The problem is, that you no longer can see the field name
in the class Author
. The class Author
does not let
you see how the author's name is represented in its class. For all we
know, it could ba a list of integers that give you the position of
each letter in the alphabet, so that an author with the name
Bach would have his name encoded as a list (2 1 3
7)
. However, we can let the outside world find out whether this
author's name is the same as the given String
. Design a
public
method
sameName
to the class Author
that determines whether
this
author has the same name as the given String
.
Modify the previous method to use this helper method to slove the problem.
We are now on our own - with no help from ProfessorJ to shows us
nicely the information represented by our objects, or to provide an
environment to run our test suite.
Viewing the data definitions
To make it possible to view the values of the fields for the objects
we define, we add to each class a method asString()
that
produces a String
representation of our data. Java allows us
to use the +
operator to concatenate two String
s -
it is much less messy than using the concat
method we used
earlier.
The simplest way for defining the toString
method for the
class MyClass
is:
public String toString(){ return "new MyClass(" + this.field1 + ", " + this.field2 + ")"; }
Our example for the class Book
shows a more elaborate version
that gives us not only the value of each field, but also its name.

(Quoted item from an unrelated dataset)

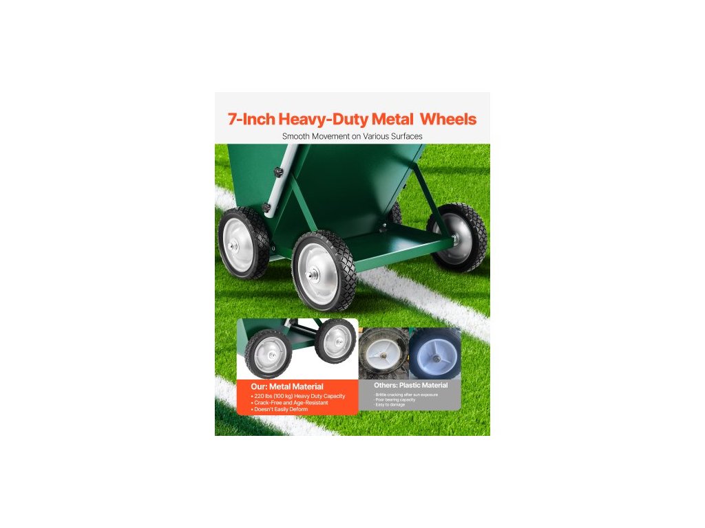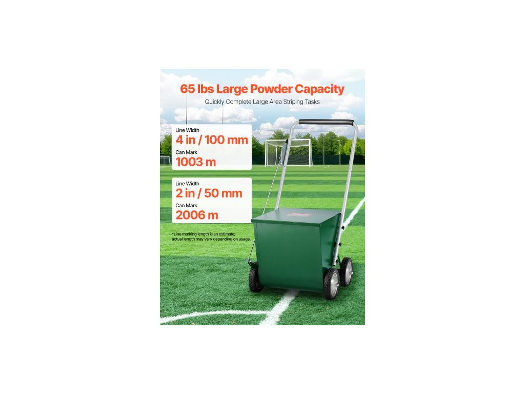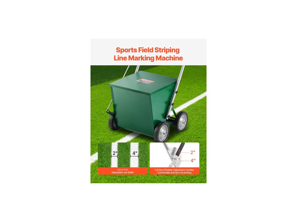 Značkovač čar , 4kolový, 2 nebo 4 palce dlouhé čáry, nastavitelný značkovač čar, s gumovou nastavovací rukojetí, velká kapacita prášku 65 liber, pro baseballové a softballové vnitřní hřiště, zelený

Java provides a toString()
method for the class Object, but
it typically does not give us the information we are interested in,
and so we define our own asString()
method.
You must define the method toString()
for every class you
design, even if, at times, it may show only a portion of the data
represented by the instance of the class.
Designing tests
Our goal when designing tests is to make sure that we can tell easily not only that some tests failed, but also which test failed.
Read the code that tests the method before
. It prints out a
String
that consists of the names of the tests and the
results of the tests. Convert your examples for the tests for the
methods sameAuthor
and sameName
into similar tests
and run your code again.
Save your results as a .zip file.
Start a new project BlobWorld. Import the .java files from the
BlobWorld
folder. Notice that the files are marked with a
number of errors. You need the world.jar
library.
To add the library to your project proceed as follows:
In the Project
menu select Properties
.
In the left pane select java Build Path
In the top menu line select Libraries
On the right select Add Variable ...
. A pane with title
New Variable Classpath Entry
will open.
Click on Configure Variables...
Click on New
to get the new Variable Entry
pane
Enter world as Name
and click on
File...
to select the world.jar
file in your
BlobWorld
directory. (You may later choose to move it
elsewhere - but make sure you re-do these steps.)
Hit OK
. A new entry should be visible under the
Classpath Variables
. Highlight it and hit OK
again.
You are back in the pane where you started adding a variable,
but now, the entry for world
is available. From now on, the
BlobWorld
project knows how to find the library. Hit
OK
to get back to you project environment.
You can now run your BlobWorld
project. The key controls the
movement of the ball, but the timer also moves the ball randomly on
each tick. The user interface is nearly the same as we have seen in
ProfessorJ.
Make sure you can run the project and see how it is designed.
Create a new project named UFO and import all files from the UFO directory. Add the library (variable) to the project and run it. Make additions like those in the previous lab and make sure they work.